Interestingly the analytically determined residual glucose concentrations in the small chemostats were only about 75% of those measured in the large bioreactors. Therefore, the lines plotted in Fig. 7 are adjusted by this factor. The reason for this reproducible deviation is not known, but wall populations might account for this difference. Wall populations decrease the residual glucose concentration in reactors and would have a larger effect in the small chemostats, because of the higher surface to volume ratio and lower cell density compared to the large chemostats. Such a wall population would have to build up quickly and reproducibly since initial steady state values in the four independent chemostats were similar and established rapidly. Moreover, when we transferred whole cultures to a fresh bioreactor after different cultivation times (indicated by arrows in Fig. 7), the residual glucose concentration increased just after the transfer. Within a few hours after the transfer, the steady state was reached again and the residual glucose concentration was the same as before the transfer. Thus, it is possible that a wall population led to generally lower glucose levels in the small chemostats, but it seems unlikely that the wall population has a considerable effect on the long-term evolution of the residual glucose concentration, on which this study focused.

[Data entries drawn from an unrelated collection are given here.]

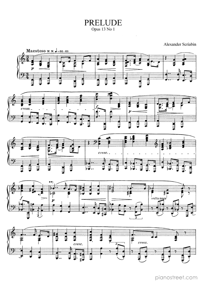 Scriabin: Prelude Op. 13 No. 1 in C Major (published in 1895) . DOWNLOAD piano sheet music from Piano Street digital sheet music library.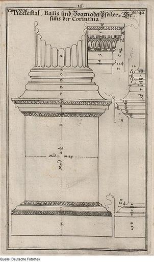 Keywords: Fotothek df tg 0001632 Architektur ^ Bauwesen ^ Säule ^ Bogen ^ korinthische Ordnung.jpg Scan Deutsche Fotothek df_tg_0001632 color 2007 MIK-Center Berlin GmbH 88961632 Kap 17 Fig 16 Bl 43 Nürnberg Piedestal Basis und Bogen oder Pfeilergesims der Säule korinthischer Ordnung Papier Kupferstich 31 4 x 19 cm Architektur Bauwesen Säule Bogen korinthische Ordnung ppn26553190X 1698 Druck Deutsche Fotothek gefördert von der Deutschen Forschungsgemeinschaft Projekt Technikgeschichte 16 /17 Jh Verwalter Dresden Sächsische Landesbibliothek - Staats- und Universitätsbibliothek Dresden Archit 188 Herstellung Herstellung Endter Verleger aus Palladio Andreas Böckler Georg Andreas Hrsg Buch Die Baumeisterin Pallas Oder Der in Teutschland entstandene Palladius das ist Des vortrefflich-Italiänischen Baumeisters Andreae Palladii Zwey Bücher Von der Baukunst Deren Erstes I Von denen Materialien die zu dem Bauen insgemein gehören Das Zweyte tractiret I Von denen Zierrathen der gemeinen Gebäue Das XVII Capitel Von dem Ordine Corinthio SLUB Archit 188 Fotothek-License PD-old-100 Scans Old Manuscripts from the Deutsche Fotothek |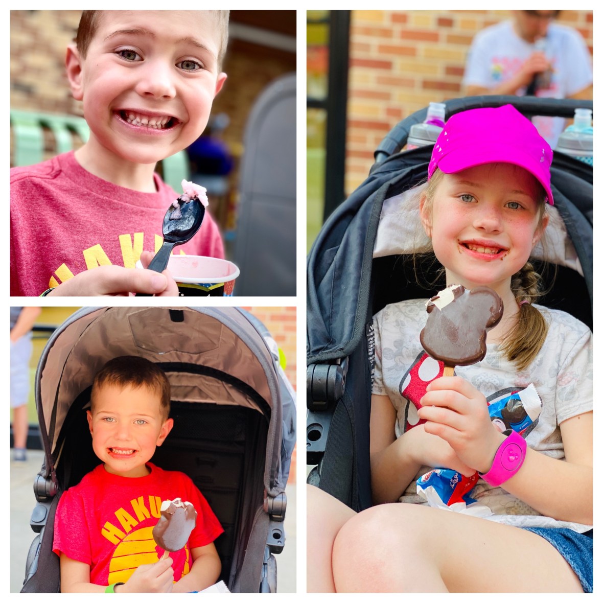 Daddy and Lexi headed over to Space Mountain while Mommy, Kate and William went on Winnie the Pooh–another favorite ride. After the ride was over, I knew we had pushed as far as we could with the two littles. They were tired and crabby. We grabbed some ice cream as we walked over to space mountain to wait for Daddy and Lexi. We did a quick rider switch and Lexi got to go on Space Mountain again with Mommy. Although the ride was pretty fun. I was fairly nervous for my Lexi. We were going pretty fast, couldn’t see anything and I was worried about her head bobbling around to much and getting some whip lash.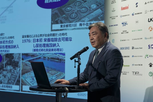 開会にあたり安田は、1931年の国産初の水道施設納入に始まり、公害問題を解決する排水処理技術の開発や水不足を解消する再生水利用技術の開発など、約100年にわたり水インフラを支えてきた水ingの歩みを紹介した。一方で、人口減少や自治体財政の逼迫、施設老朽化、人材不足が進むなか、「従来の枠組みだけでは水インフラを維持しにくい時代に入った」と指摘した。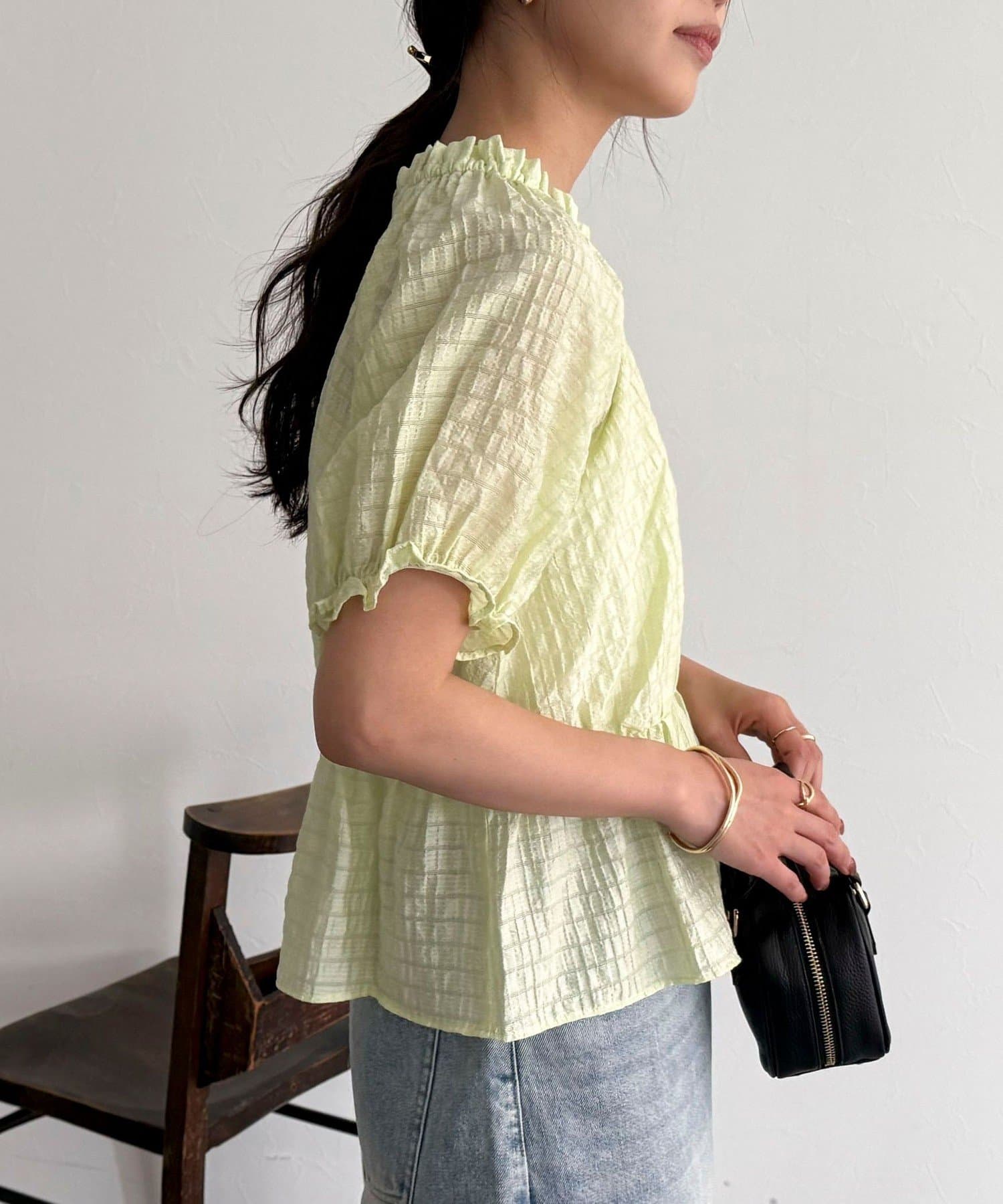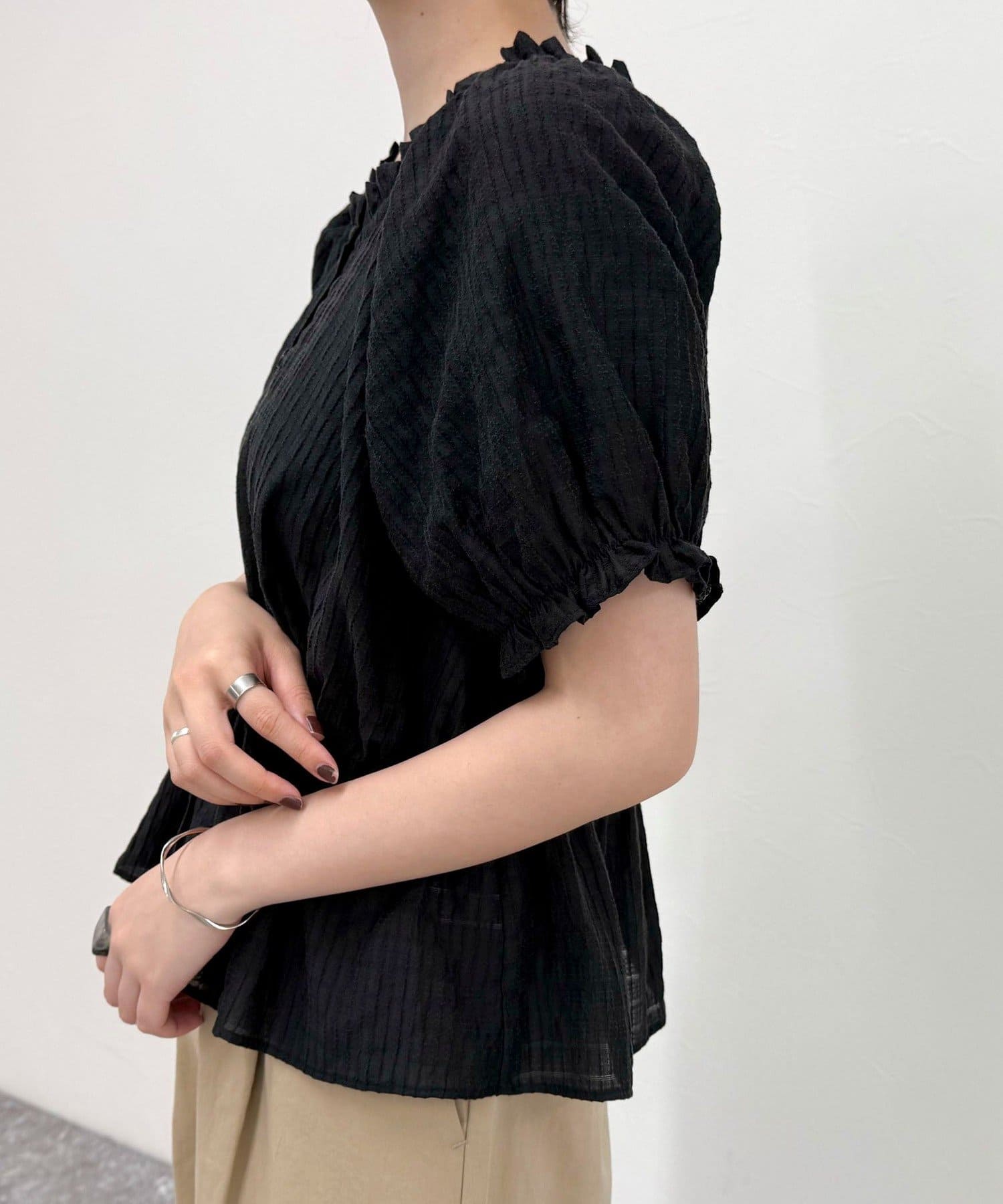・シアー感のある薄手の素材で夏でも涼しく着用していただけます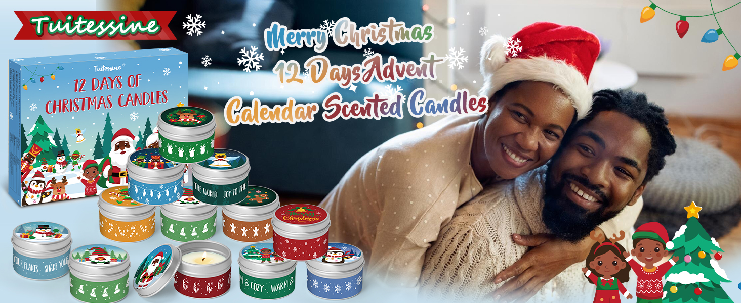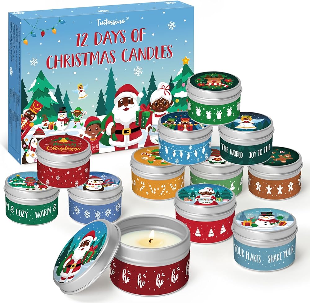 Tuitessine 12 يومًا تقويم قدوم عيد الميلاد 2024 شموع معطرة زينة عيد الميلاد الأمريكية الأفريقية شموع جرة شمع الصويا 12 قطعة تقويم عيد الميلاد العد التنازلي هدايا سانتا كلوز السوداء

Evolution of Ks after a shift to pyruvate
To test how the Ks for glucose of a population evolves when the selection pressure to increase glucose affinity is relieved, a culture grown under glucose limitation for 128 h at D=0·3 h-1 (57 generations) was shifted to pyruvate limitation. The culture was then grown under pyruvate limitation at D=0·1 h-1. (D was reduced because µmax for growth with pyruvate was only between 0·25 and 0·3 h-1.) After 353 h (51 generations) the culture was shifted back to glucose limitation and D=0·3 h-1 (Fig. 8a). Astonishingly, the residual concentration of glucose immediately established again at the value measured before the shift to pyruvate and continued to decrease (Fig. 8a). Hence, the temporal shift from glucose to pyruvate limitation did not affect the evolution of the affinity for glucose, because after the shift back to glucose limitation the residual glucose concentration followed a time-course starting at the exact value before the interruption and exactly paralleling the pattern of cultures that were not submitted to the temporal shift (Fig. 8b). This demonstrates that the selective evolution during growth of an E. coli population with glucose can be followed easily in a continuous culture by monitoring the residual concentration of this sugar.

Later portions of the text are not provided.